I did a little digging and found that others had the same query here: Submission@assignment: Editing submission is possible although it isn't allowed MDL-43494 where the assignment maintainers confirmed that this is expected behavior if the submit button is not used, and I just confirmed in Moodle 2.8.7 that the edit button is still there for my student after I graded it if I didn't use the submit button or the cutoff date option (since I had never really tried that myself before). In this case, it may be that some of the language around what does what needs to be refined, perhaps, as it does say "submitted for grading" whether I require the submit button or not.
But the student cannot submit or change anything after I grade it if I do turn on the cutoff date whether I use the submit button or not.
Which brings me, I guess, back to the question of why this cutoff date feature is insufficient to meet your needs and why you think teachers will not understand how to use it. It is pretty standard practice in many institutions/academic departments to allow late submissions for a period of time that get huge deductions in credit if they are late and then NO credit after being so many days/weeks late.
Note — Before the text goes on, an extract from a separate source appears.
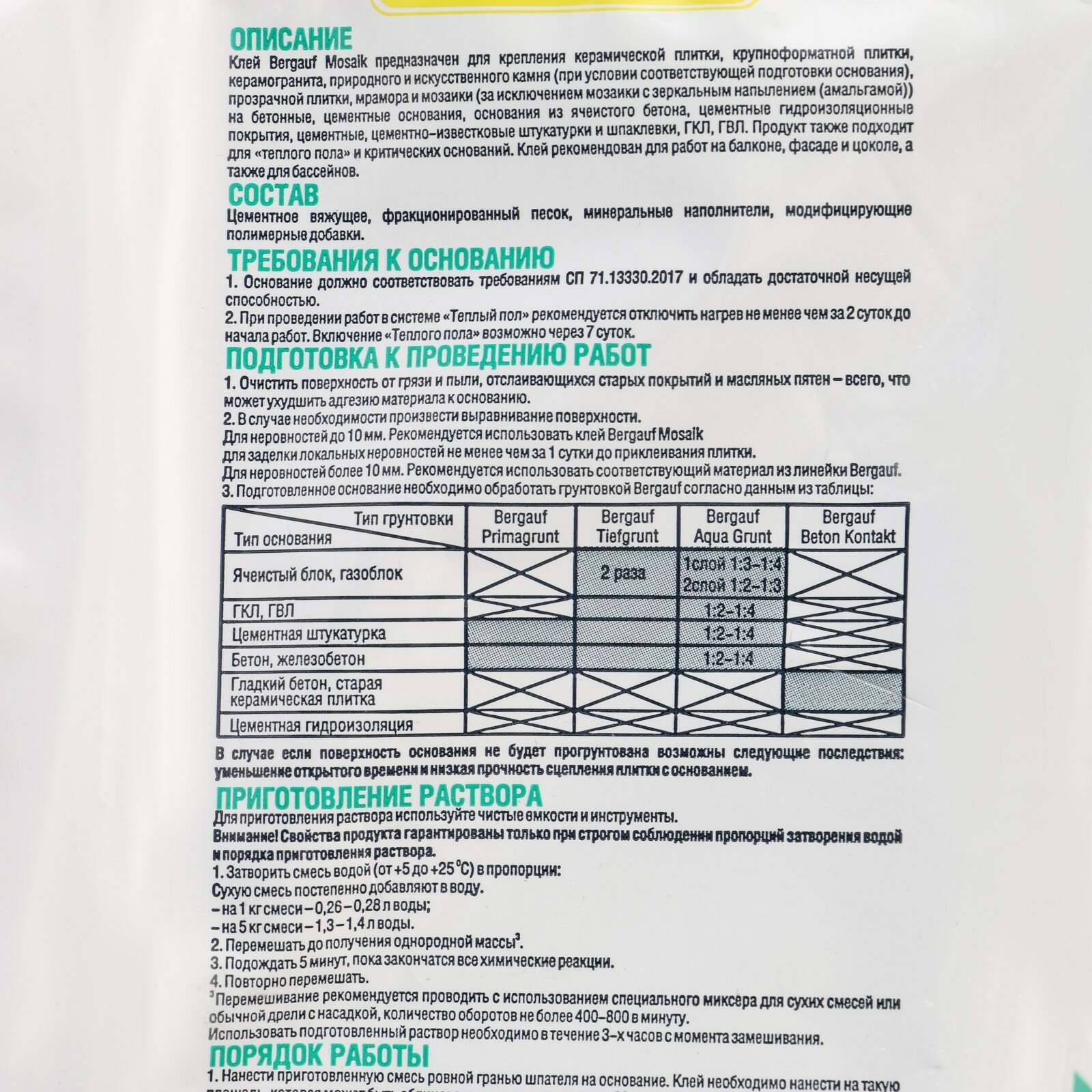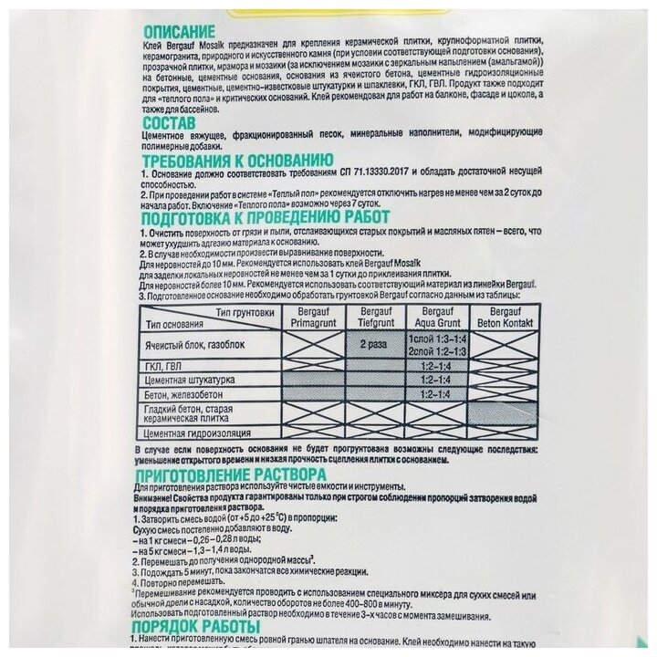 Клей "BERGAUF MOSAIK" (5кг) белый интересное:

If I am teaching a course where I am using the use-case you describe as having students turn in something at my desk that I will absolutely be tracking for timestamps/timeliness, then I also understand it is my responsibility as the instructor to be at "my desk" to receive the assignment if I am using the delayed cutoff date. This can be done a couple of ways if you use the marking workflows.
If I want Moodle to control absolute timestamps and not have to be at "my desk" so to speak, I can set the cutoff date to be the same as the due date. It isn't that much of an extra step, really. You can set your site defaults for the assignment to turn on the cutoff date by default so that teachers will need to make that decision the same way they need to make the decision to have a due date or not.